Il ne compte plus les fois où il a déballé et remballé son étal. Voilà bientôt 30 ans que Richard a fait des marchés son lieu de travail. Marseille, Aix, Salon ou Aubagne, ce quinquagénaire sillonne sa région natale chaque semaine pour vendre ses produits. Sa spécialité : la charcuterie. Il est intarissable sur le sujet. « La qualité ! C’est ça le plus important. Et aujourd’hui, on la trouve que sur nos marchés » déplore-t-il.
Il est presque quatorze heures quand il décide de s’octroyer une pause. Son neveu s’occupe de remballer les dernières marchandises. D’un ton ferme, adouci par son accent chantant, Richard donne les directives du bord de sa camionnette où il est assis, une clope au bec.
Lorsqu’il doit parler de lui, le forain est moins prolixe. Né dans le 12ème arrondissement de Marseille, il est le quatrième d’une famille nombreuse. Fils d’un peintre en bâtiment et d’une mère au foyer, il a dû apprendre à se « débrouiller » tôt. Timidement, il se rappelle ses débuts. « J’avais de la famille qui travaillait sur les marchés à Marseille. Très jeune, je les aidais. Je chargeais et déchargeais le matos. Je me faisais quelques francs. » Il quitte l’école à 14 ans. « Sans regret » dit-il. La vie de forain pour lui: « ce n’était pas une vocation ». Mais il y a trouvé son compte. Il suffit de le voir harponner le badaud pour s’en assurer. Il a le don de transformer le client en copain. Et l’amitié pour Richard, c’est sacré. Il l’évoque sans cesse. « A force de voir les gens depuis des années, on s’en fait des amis, des vrais. » L’émotion n’est pas loin. Le Marseillais coupe court et écrase son mégot. Il lui est difficile de finir une phrase sans se faire couper par un de ses collègues. Tous viennent saluer leur ami de longue date, et débriefer brièvement la matinée. « Le chiffre » comme ils disent. Le charcutier aime le rappeler, forain c’est un mode de vie mais c’est avant tout « un gagne pain ».

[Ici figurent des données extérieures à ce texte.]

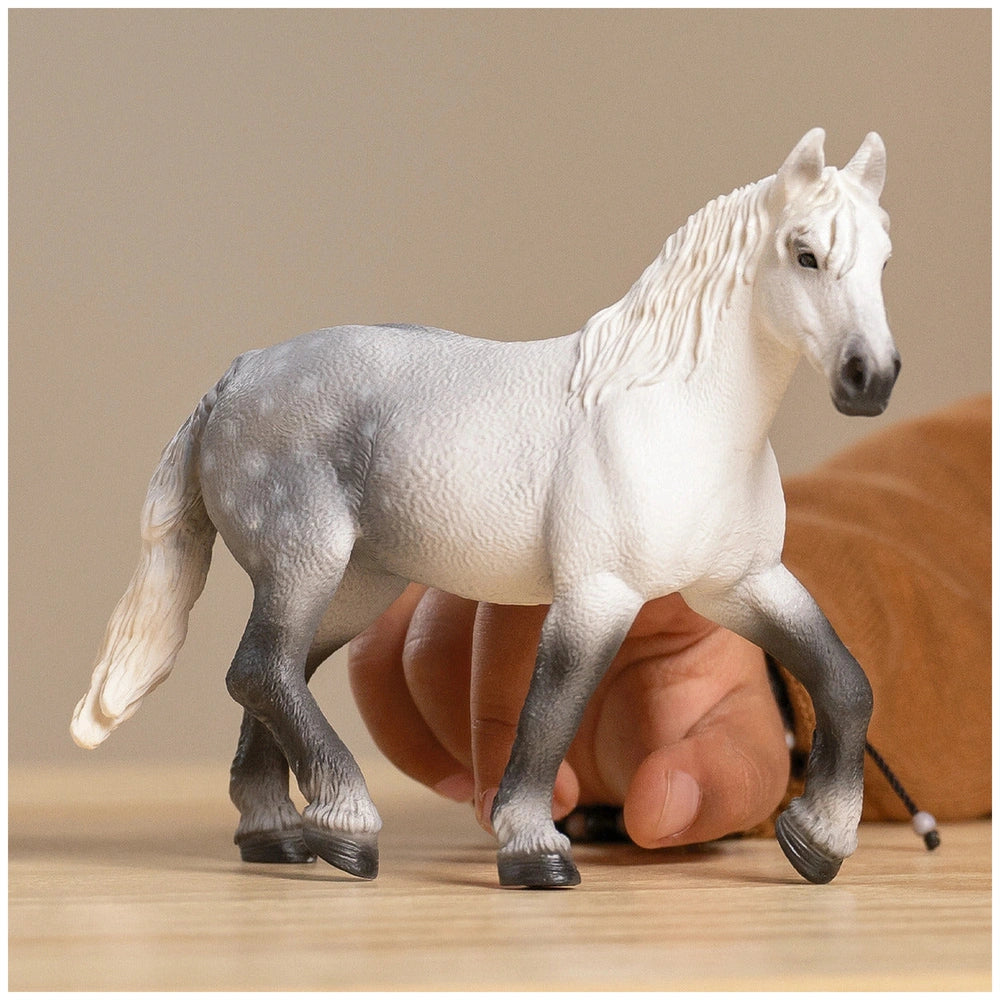 The Percheron Mare features a brilliant white coat on her head and chest, which seamlessly transitions into a striking gray-and-white flecked pattern on her flanks. Her strong, short legs and black muzzle add to her charm, making her a delightful addition to any collection. This figurine is designed with attention to detail, ensuring that every aspect of the Percheron Mare is accurately represented, from her gentle demeanor to her robust physique.
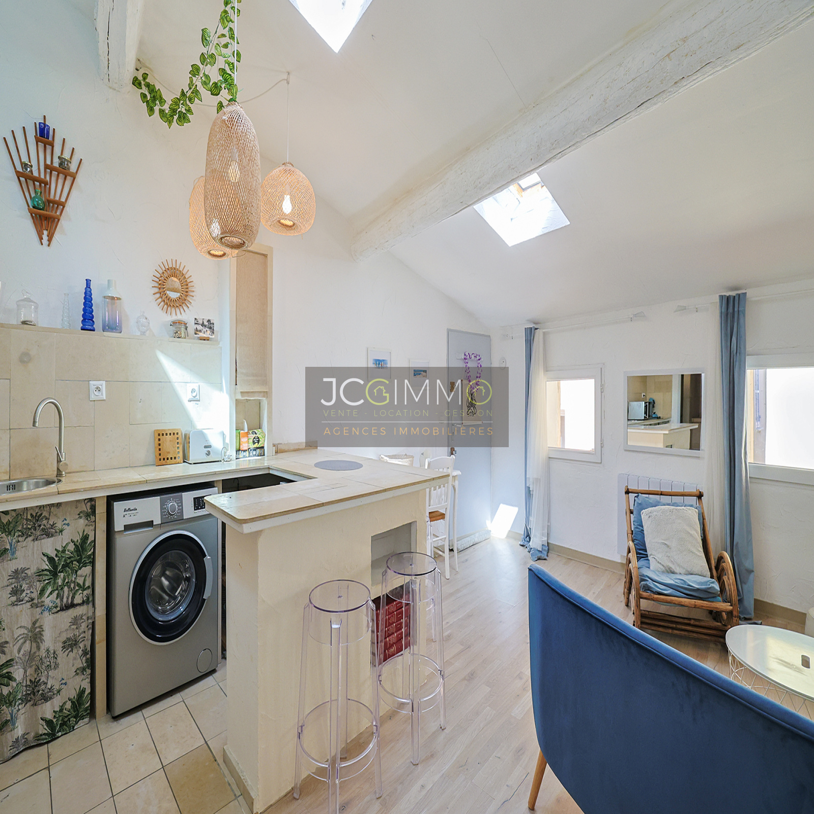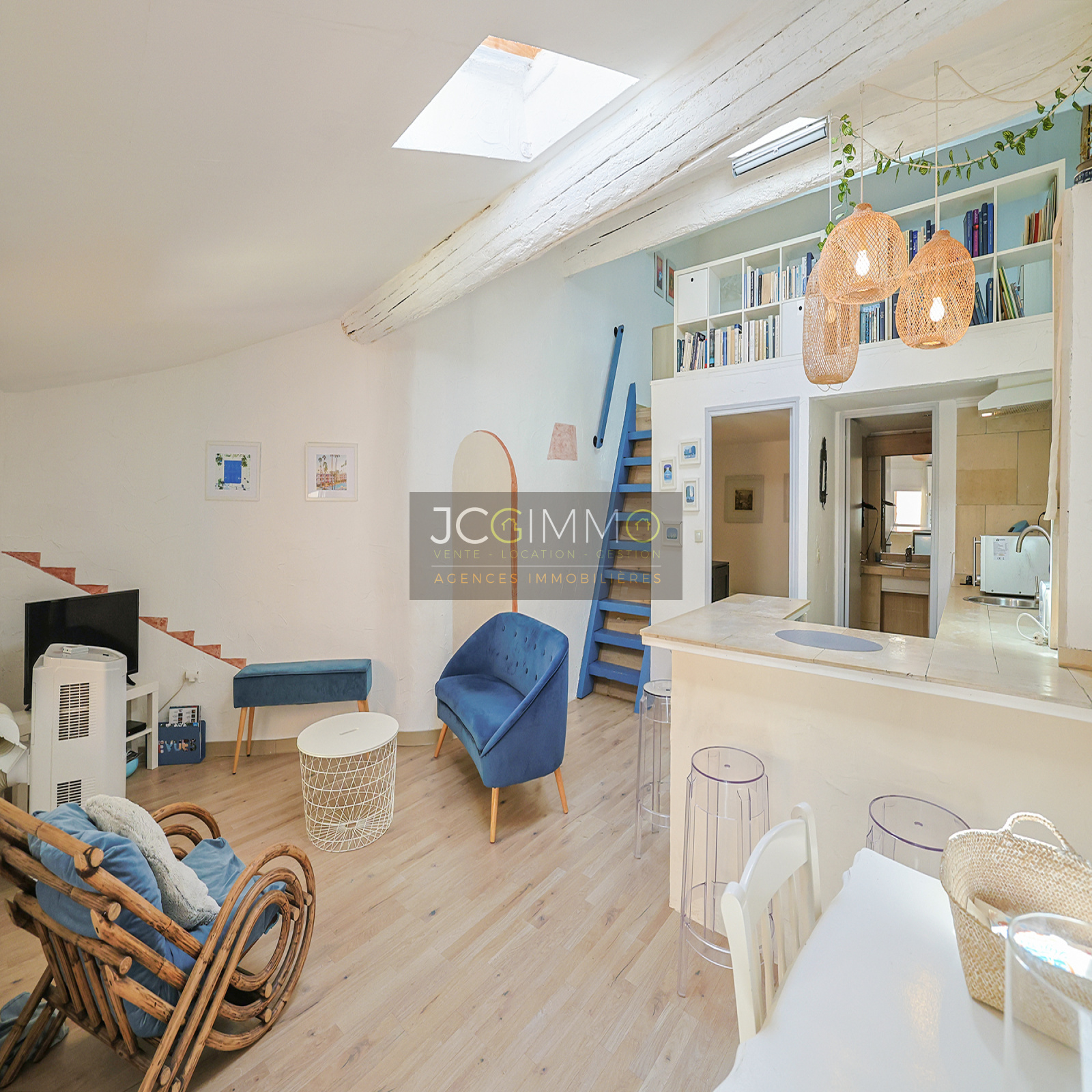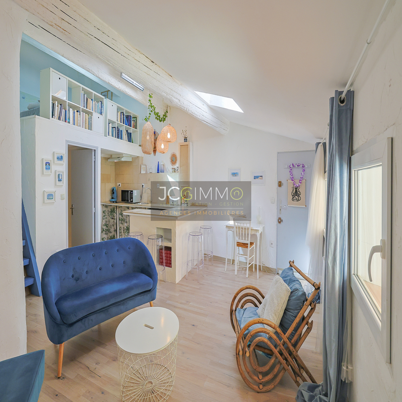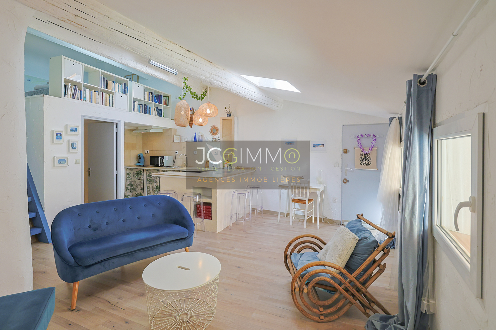 HYERES :Au calme. Lumineux appartement de 45 m² avec 1 bureauet 1 chambre en mezzanine. Vendu Meublé.
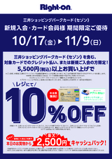 - <Right-on限定>三井ショッピングパークカード《セゾン》会員対象!お買い上げ金額からレジにて10%OFF!
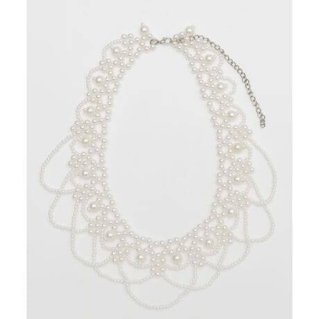 [型番:LCOZ5303-2025]レース風のビーズがレトロなデザインのネックレス。つけ襟のように首元を華やかに彩ります。ワンピースやブラウスなどに合わせてご着用いただくと、いつものファッションも一味違った印象に。
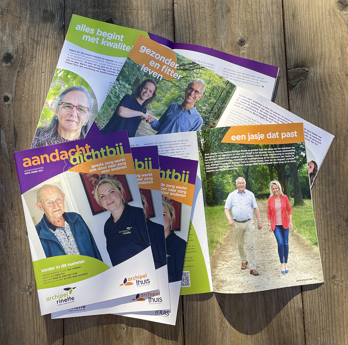 Voor de zusterorganisaties Archipel Rinette en Archipel Thuis heeft DHvV het magazine ‘Aandacht & Dichtbij’ ontworpen, met artikelen over cliënten, medewerkers en andere betrokkenen. Beide zorginstellingen zijn op zoek naar nieuwe medewerkers: Helpenden Plus, Verzorgenden IG, Verpleegkundigen en Hulp in het huishouden.
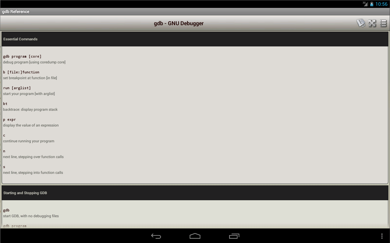Intended for programmers that use the GNU debugger, this App is a reference of common features in gdb version 4. Content is organized into following sections:
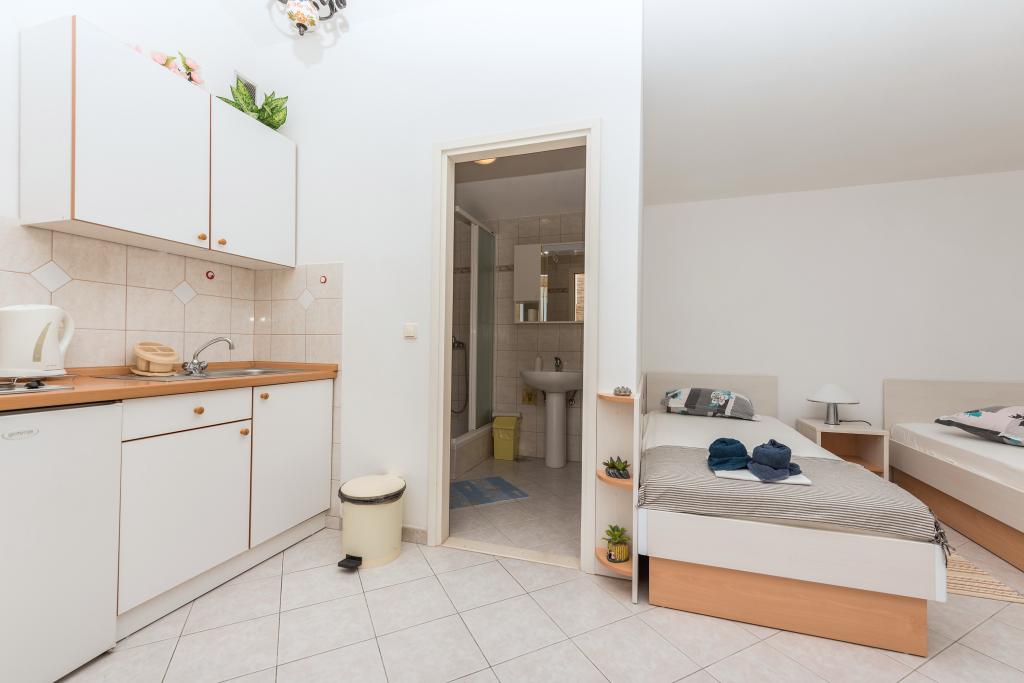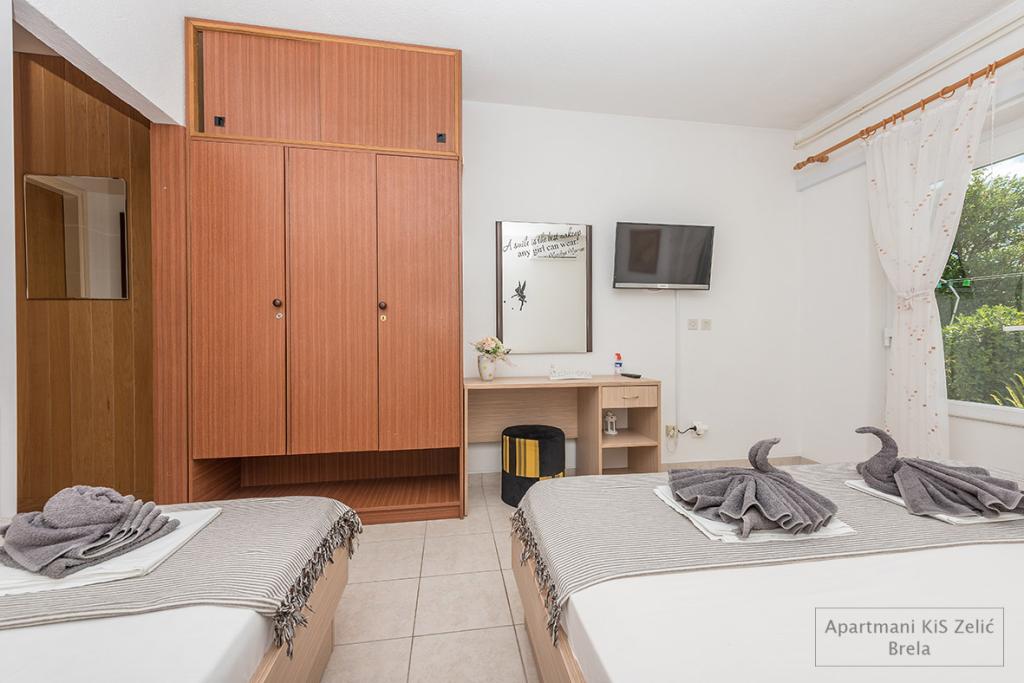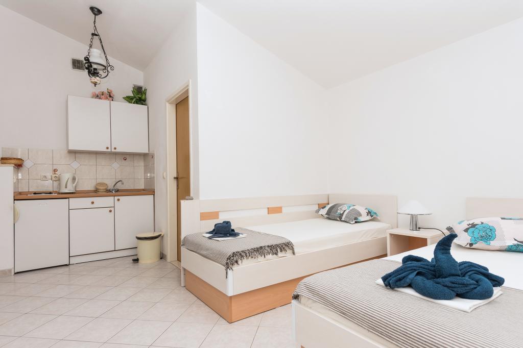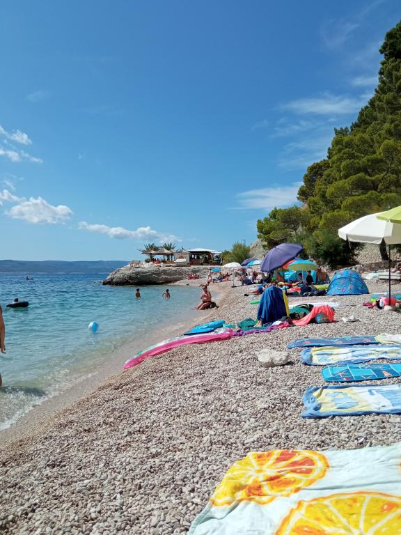 Apartments KiS Zelić are located in a quiet location, only 100 m from the sea and beautiful pebble beaches. On one side there is a beautiful view of the sea and islands, and on the other of the mountain Biokovo. The apartments offer everything you need for a pleasant stay. The rooms are equipped with complete bed linen and towels. Towels are changed every 3 days, and bed linen every 7 days. The kitchen with dining room is equipped with a stove, refrigerator, kettle, complete dishes and cutlery. Each apartment has a terrace or balcony, satellite TV, WiFi and parking. The nearest market is 200 m away, a restaurant with Mediterranean cuisine 200 m away.

« C’est quand même crevant »
Il avoue dégager moins de bénéfices qu’il y a quelques années. « Avant, tout le monde allait au marché, maintenant, les gens font les courses sur Internet. Moi je trouve ça triste. C’est aussi un lieu de rencontres. » Lui a fait la rencontre de sa vie sur les marchés. Sa femme, Nathalie. Elle y était pour une saison, lui venait de se lancer à son compte. Aujourd’hui aide soignante, elle s’est habituée à voir son mari partir au milieu de la nuit. « Mais elle ne pourrait pas avoir ce mode de vie. » Ses deux filles non plus. Il insiste pour qu’elles poursuivent leurs études « le plus longtemps possible ». Loin du cliché de la transmission de génération en génération donc. « Moi, j’échangerais pour rien mon métier. Mais pour mes filles, je veux quelque chose de moins fatiguant, parce que c’est quand même crevant » reconnait le père de famille.
Il est l’heure de remballer. Reprendre la route à la rencontre de ses fournisseurs et clients habituels. Un quotidien qu’il mène depuis trente ans maintenant, et dont il connaît les tares. Mais son métier est aussi devenu une façon de vivre, une façon de concevoir les choses, la vie et les gens. Et ça, Richard n’est pas prêt de s’en lasser.